## Exercise objective
The entries are to be returned exactly, with images left out.
Data extract START
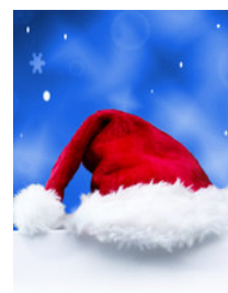
Safran Drogerie Weihnachtsmann

Das Arvenkissen mit Fellrückseite ist besonders beliebt zum Kuseln für Kinder. Kissen 20x20cm Fr. 24.50 Für einen entspannten Schlaf auch für Erwachsene. Arvenkissen weiss mit Arvenspray 40x60cm Fr. 129.00
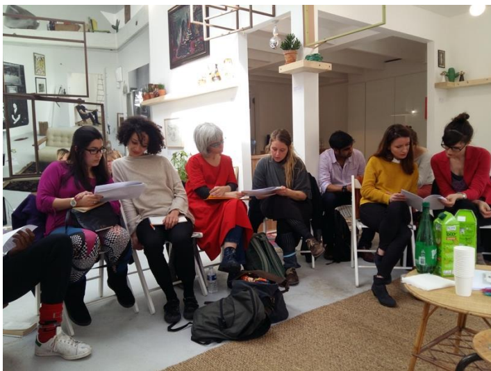
Séminaire "Des frontières, ponts et dérives : la troisième langue", 21 avril 2016
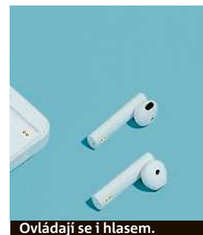
Ovládají se i hlasem.
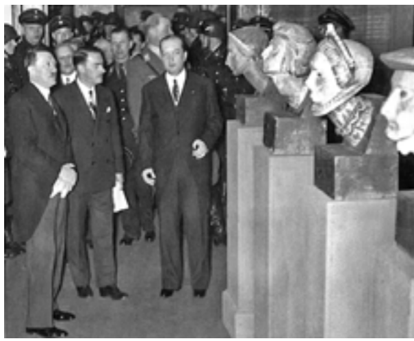
Feierliche Eröffnung der polnischen Kunstausstellung in der Preussischen Akademie der Künste in Berlin am 29. März 1935. Botschafter Józef Lipski (rechts) und Ausstellungskommissar Mieczysław Treter (Mitte) zeigen Hitler Skulpturen von Xawery Dunkowski

auswärtige Kulturpolitik galt es wiederum die Gunst des Augenblicks zu nutzen und sich in Deutschland mit einem interessanten Kulturangebot als eine dem westeuropäischen Kulturkreis angehörende Nation zu präsentieren. Einschlägige Aktivitäten sollten den Polen Respekt bei Nationalsozialisten eintragen und das nach 1919 geprägte Stereotyp von Polen als einem „Saisonstaat“ aus der Welt schaffen.
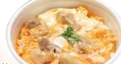
18 親子丼 680円
Data extract END
## Task result
Safran Drogerie Weihnachtsmann

Das Arvenkissen mit Fellrückseite ist besonders beliebt zum Kuseln für Kinder. Kissen 20x20cm Fr. 24.50 Für einen entspannten Schlaf auch für Erwachsene. Arvenkissen weiss mit Arvenspray 40x60cm Fr. 129.00
Séminaire "Des frontières, ponts et dérives : la troisième langue", 21 avril 2016
Ovládají se i hlasem.
Feierliche Eröffnung der polnischen Kunstausstellung in der Preussischen Akademie der Künste in Berlin am 29. März 1935. Botschafter Józef Lipski (rechts) und Ausstellungskommissar Mieczysław Treter (Mitte) zeigen Hitler Skulpturen von Xawery Dunkowski

auswärtige Kulturpolitik galt es wiederum die Gunst des Augenblicks zu nutzen und sich in Deutschland mit einem interessanten Kulturangebot als eine dem westeuropäischen Kulturkreis angehörende Nation zu präsentieren. Einschlägige Aktivitäten sollten den Polen Respekt bei Nationalsozialisten eintragen und das nach 1919 geprägte Stereotyp von Polen als einem „Saisonstaat“ aus der Welt schaffen.
18 親子丼 680円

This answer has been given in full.